Type of paper:Â | Essay |
Categories:Â | Technology Energy Covid 19 |
Pages: | 6 |
Wordcount: | 1545 words |
Introduction
The oil and gas industries are at the heart of the global energy market that produces and supply the majority of the energy used. Like other sectors, the energy sector has been adversely affected by the Covid-19 pandemic, recording the lowest number of drilled oil wells globally (Lu, et al., 6). The decline in the number of drilled wells marks a 23% fall from 2019's and is anticipated not to recover its 2019 level until 2025 (Eyoh, 31). For the oil and gas production to regain its level soon, there is need for the government to ease travel restrictions, boost oil demand and prices, improved innovations, and technological advancements. According to Offshore Technology, smart drilling, incorporation of blockchain, smart oilfield, and digital transformation, among others, are some of the technological advancements the oil companies should embrace for the future energy solutions in the United States (Eyoh, 38). This paper highlights and discusses the energy solutions to the oil and gas companies in the United States.
Smart Drilling
The United States petroleum industry maintains a high level of drilling and spending a fortune on drilling-related goods and services. This considerable level of activity will continue in the predictable future.
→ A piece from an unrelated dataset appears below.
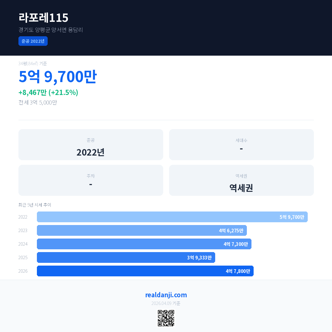 라포레115 국민평형 기준 2026년 평균 거래가는 4억 7,800만으로, 전년 대비 21.5% 상승 했습니다.
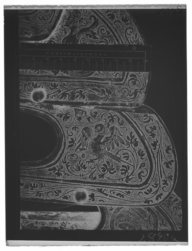 Keywords: Manpansar, möjligen tillhörigt Johan III, 1500-talets mitt - Livrustkammaren - 10973-negative.tif LSH artwork sv Driven stålplåt med heltäckande etsad dekor Insidan svärtad med tydliga slagmärken Bestående av elva U-formiga skenor ökande i längd bakåt Skenorna lagda omlott och sammanfogade i varandra med längsgående 25 mm breda band av gulvitt sämskat skinn fästade med en nit i var skena På var sida en urtagning rektangulär med rundad nedre kant och vid sidan om denna en dekorativ nit med kullrig gulmetallhätta Kanterna nertill lätt rundade och baktill fasade Första skenan med insvängda sidor i mitten 24 mm långt spärrstift och längs yttre kanten genomgående hål i rad Sista skenans yttre kant omvikt rundsmidd och repstavsfilad bredd ca 15 mm Etsad dekor blanka figurer mot mörk bakgrund På nedre delen fabliska djur och porträtt inom ovaler omgärdat av slingrande växtrankor På övre delen olika motiv som stående lejon ställda mot varandra och mytologiska scener allt omgärdat av slingrande rankor original caption mid other date century 16 brass - leather Färg gulvit material läder - steel Färg blankt svart material stål size mm 780 330 LRK Johan III av Sverige Hästen 1991 Tre Konungar på Åbo slott 1993 Björneborg - Johans stad Satakunta Museum Björneborg/Pori 2008 Trofast - hov och tass i kunglig tjänst 2010-2011 Livrustkammaren Trogna vänner - Kungliga hästar och hundar 2011-2012 Museiverket/Finlands nationalmuseum place of origin original filename LN_E02897 59502 inventory number LRK 22860 10973 CC0 Manpansar möjligen tillhörigt Johan III 1500-talets mitt - Livrustkammaren - 10973 tif <gallery caption Different images of same object > File Manpansar möjligen tillhörigt Johan III 1500-talets mitt - Livrustkammaren - 19537 tif File Manpansar möjligen tillhörigt Johan III 1500-talets mitt - Livrustkammaren - 79458 tif File Manpansar möjligen tillhörigt Johan III 1500-talets mitt - Livrustkammaren - 36657 tif File Manpansar möjligen tillhörigt Johan III 1500-talets mitt - Livrustkammaren - 62337 tif File Manpansar möjligen tillhörigt Johan III 1500-talets mitt - Livrustkammaren - 70899 tif File Manpansar möjligen tillhörigt Johan III 1500-talets mitt - Livrustkammaren - 53776 tif File Manpansar möjligen tillhörigt Johan III 1500-talets mitt - Livrustkammaren - 45215 tif File Manpansar möjligen tillhörigt Johan III 1500-talets mitt - Livrustkammaren - 35519 tif File Manpansar möjligen tillhörigt Johan III 1500-talets mitt - Livrustkammaren - 2413 tif File Manpansar möjligen tillhörigt Johan III 1500-talets mitt - Livrustkammaren - 28096 tif </gallery> <gallery caption Related objects > File Ländpansar till hästrustning troligen tillhörigt Johan III 1500-tal - Livrustkammaren - 79460 tif LRK 22862 File Ländpansar till hästrustning troligen tillhörigt Johan III 1500-tal - Livrustkammaren - 36659 tif LRK 22862 File Bogpansar till hästrusning troligen tillhörigt Johan III 1500-tal - Livrustkammaren - 35526 tif LRK 22861 File Ländpansar till hästrustning troligen tillhörigt Johan III 1500-tal - Livrustkammaren - 70895 tif LRK 22862 File Bogpansar till hästrusning troligen tillhörigt Johan III 1500-tal - Livrustkammaren - 44085 tif LRK 22861 File Bogpansar till hästrusning troligen tillhörigt Johan III 1500-tal - Livrustkammaren - 79454 tif LRK 22861 File Utställningsbild sadlar hästrustningar mm - Livrustkammaren - 77173 tif LRK 22861 File Ländpansar till hästrustning har troligen tillhört Johan III 1500-tal - Livrustkammaren - 10975 tif LRK 22862 File Ländpansar till hästrustning troligen tillhörigt Johan III 1500-tal - Livrustkammaren - 2415 tif LRK 22862 </gallery> |

Although the United States petroleum industry continues to maintain a significant degree in domestic drilling activity, recent estimates of the volume of recoverable resources require operators to improve their ability to and increase reserves per unit effort through enhanced technology.
Smart drilling, an improvement drilling technology, will increase the rate of success, lowers drilling costs, and harmonize the processes involve in the oil and gas production. Besides, it will ensure that equipment selection, work implementation, designing, and analysis are all aligned and bolstered by operational expertise. Therefore, integrating smart drilling with intelligence through specialist providers will directly benefit the United States in terms of improved economic competitiveness, stable energy costs, and higher energy reserves in the drilling and service industries.
Incorporation of Blockchain Technology
The energy industry is faced with complex capital and expenditures transactions, data insecurity, accelerating adoption of connected sensors, increasingly large sophisticated information, intermediaries, and complex processes. Consequently, data has become a burden rather than an asset for the oil and gas businesses (Mojarad, et al., 24). Due to a rising urgent need for the companies to control and authenticate information, which is essential for the success of the energy sector, the blockchain technology set would drastically transform the fuel sector.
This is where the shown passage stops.